But even though you can argue that it wasn't a particularly good argument in some respects, it did raise a number of important issues that seem worth addressing, and indeed, it may have been worth publishing for the quality of the discussions in the blogosphere alone.
Some of the arguments the Economist offers certainly seem worth thinking about. In particular, I found the arguments that seemed right out of Adam Smith were quite interesting, and certainly raise a number of important questions. It is not surprising that the Economist would adopt such a perspective, since, after all, the magazine is crucially linked to that eighteenth-century writer. A fundamental idea in Smith's work, and indeed of much of our current economic theory is that when prices go up unnaturally, they have a tendency to go down again. That is, if there is a lot of money to be made in the sale of a certain commodity, then more people will want to move stock into that market. But when more people move stock into a market, they have to be more competitive, which will cause the participants in that market to lower the price to it's "natural price" - to use some of Smith's jargon - or perhaps even below that value. I suppose there are at least two possible consequences to this action. In the first case, the price will fall, and more farmers will be poorer in just the way the Economist suggests. In the second case, even if the price were kept at a constant level, e.g. remain fixed, it seems that negative consequences could follow. Since in this case the price could not be lowered, there is nothing a seller could do to further encourage purchases. And given the limited shelf life of coffee before it's processed, it will have to be sold or the money invested in it will be counted as a loss. But since an investor will want to avoid this situation in the future, the consequence may be that they will produce a smaller crop the following year, hire less labor, or even fire some of those employees that they have. So the workers also would suffer.
It is a fairly solid argument, although it is predicated on the idea that the market has reached a saturation point. In order to determine whether this is true we need to have a clear conception of what the market in fact is. Fairtrade coffee works by adding a small premium to the current price of coffee when it is produced in a certain way. Thus it is certainly linked to the price of non-Fairtrade coffee.
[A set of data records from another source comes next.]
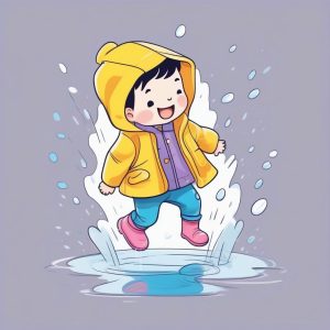 AI绘画提示词中文 – 雨中探索:Q版雨衣男孩与垂直滴落的彩虹水彩
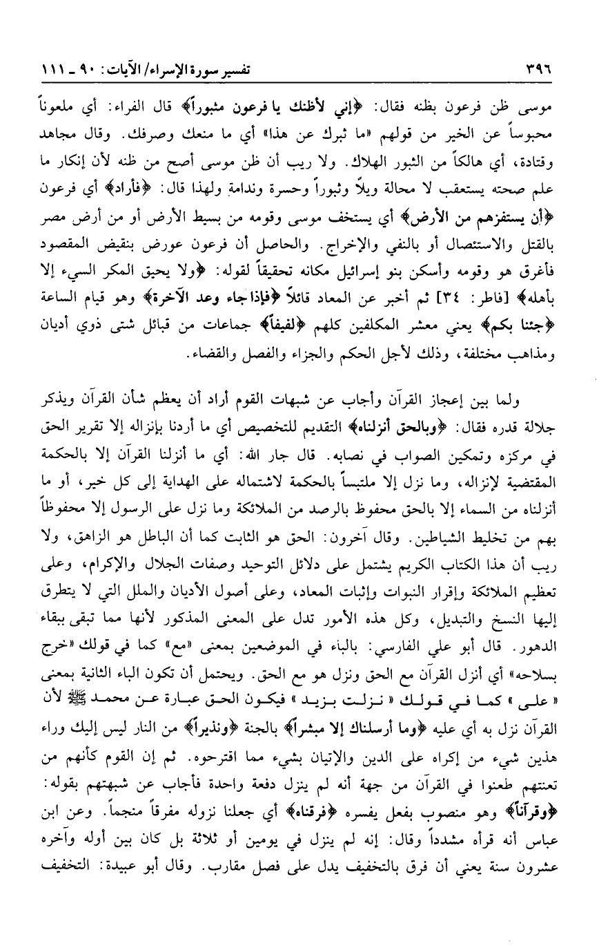 ولما بين إعجاز القرآن وأجاب عن شبهات القوم أراد أن يعظم شأن القرآن ويذكر جلالة قدره فقال: وَبِالْحَقِّ أَنْزَلْناهُ التقديم للتخصيص أي ما أردنا بإنزاله إلا تقرير الحق في مركزه وتمكين الصواب في نصابه. قال جار الله: أي ما أنزلنا القرآن إلا بالحكمة المقتضية لإنزاله، وما نزل إلا ملتبسا بالحكمة لاشتماله على الهداية إلى كل خير، أو ما أنزلناه من السماء إلا بالحق محفوظ بالرصد من الملائكة وما نزل على الرسول إلا محفوظا بهم من تخليط الشياطين. وقال آخرون: الحق هو الثابت كما أن الباطل هو الزاهق، ولا ريب أن هذا الكتاب الكريم يشتمل على دلائل التوحيد وصفات الجلال والإكرام، وعلى تعظيم الملائكة وإقرار النبوات وإثبات المعاد، وعلى أصول الأديان والملل التي لا يتطرق إليها النسخ والتبديل، وكل هذه الأمور تدل على المعنى المذكور لأنها مما تبقى ببقاء الدهور. قال أبو علي الفارسي: بالباء في الموضعين بمعنى «مع» كما في قولك «خرج بسلاحه» أي أنزل القرآن مع الحق ونزل هو مع الحق. ويحتمل أن تكون الباء الثانية بمعنى «على» كما في قولك «نزلت بزيد» فيكون الحق عبارة عن محمد صلى الله عليه وآله لأن القرآن نزل به أي عليه وَما أَرْسَلْناكَ إِلَّا مُبَشِّراً بالجنة وَنَذِيراً من النار ليس إليك وراء هذين شيء من إكراه على الدين والإتيان بشيء مما اقترحوه. ثم إن القوم كأنهم من تعنتهم طعنوا في القرآن من جهة أنه لم ينزل دفعة واحدة فأجاب عن شبهتهم بقوله:
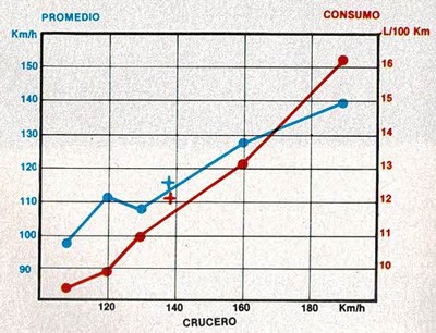 Otra consecuencia del desarrollo corto es que los consumos salen altos, creciendo no sólo más rápido que los promedios conseguidos, lo cual es normal, sino incluso casi más que linealmente respecto al crucero que se intenta mantener. Pero esto es de una relativa importancia en un coche que ya cuesta más de 3,5 millones, sin opciones; curiosamente, con todas las opciones menos el techo (como nuestra unidad de pruebas), este coche cuesta lo mismo que un Audi 80 2.8 sin ninguna opción, que es precisamente la otra berlina europea equivalente por tamaño, potencia y motorización.
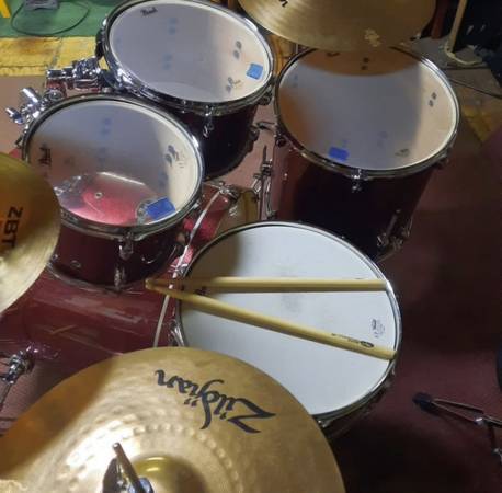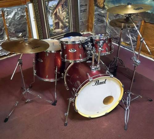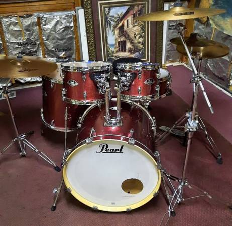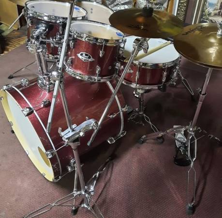 This is a modern Pearl Export kit that is in like new condition. It's in a cool color that's called "Black Cherry Glitter". I don't think Pearl made the Export in this color for very long.....you usually see newer Exports in Wine Red or Burgundy, but this color sparkles under the lights with a lot of red & black metallic in it. I looked at a bunch of old Pearl catalogs online, and I've only seen this color listed for the Export in one of their 2023 catalogs, so Idk if that was the only year or what... This color seems to have been used primarily on Pearl's Midtown kit.
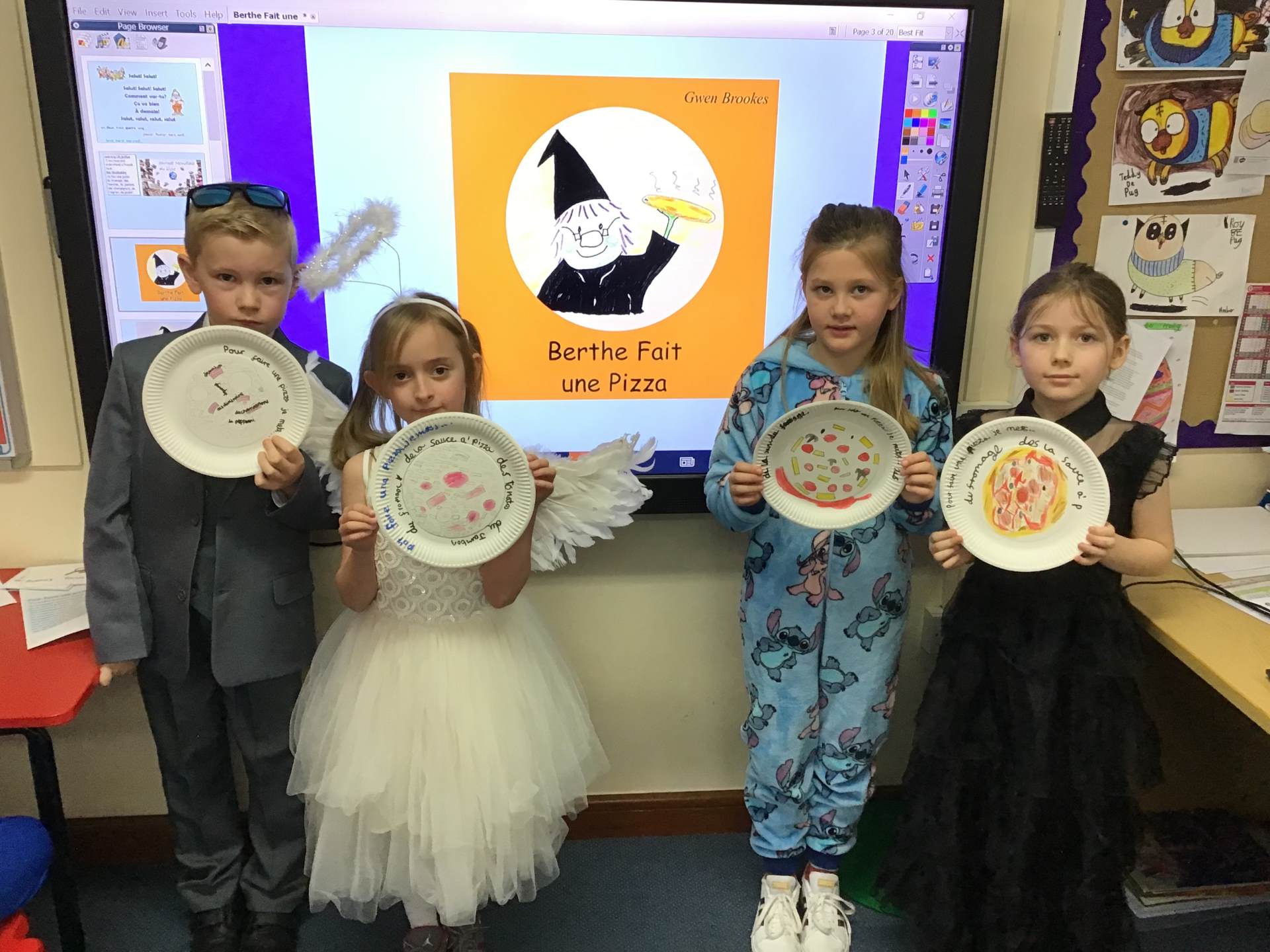 Year 3 read the book about Berthe making a pizza and then designed their own pizza and labelled it in French. Year 5 read the book about Berthe going to the supermarket and then played a memory game to collect the items on their shopping list.

But you can argue that it is a mistake to subsume both into the same category. I find it interesting that most of the articles I've read on this subject, including the two in the Economist article seem to presume that Fairtrade coffee is the same product as non-Fairtrade coffee. In one sense, this is obviously true, since the only distinction is through the process by which the coffee is produced, and consequently there often is no discernable difference in the product itself (The Economist article makes a passing aside on page 74 to the decrease in quality of the coffee that is sold as Fairtrade, but offers no evidence for this, and I know from experience that this is not inevitably the case, as my local coffee shop demonstrates every day). As evidence for treating both coffees as the same product, the Economist article makes a passing reference to Tim Harford's book The Undercover Economist, and the Economist observes that the "basic problem" is that "too much coffee is being produced in the first place." (p.74) It strikes me, however, that part of the Fairtrade movement is predicated on convincing customers that there actually is a difference in the product. If people are not interested in 'purchasing coffee,' but 'purchasing Fairtrade coffee,' then there is not only an incentive for more people to put their stock into Fairtrade coffee, but also an incentive for current producers to take their stock out of non-Fairtrade coffee. Thus while the overall market comprised of Fairtrade and non-Fairtrade coffee may be reaching a saturation point, or perhaps even a super-saturation point, the Fairtrade coffee market can still offer tremendous possibilities for growth. Fairtrade is thus a tricky thing to model because it not only encourages an increase in supply of a certain product, but the advertising campaign aims to change the nature of the market in a fundamental way.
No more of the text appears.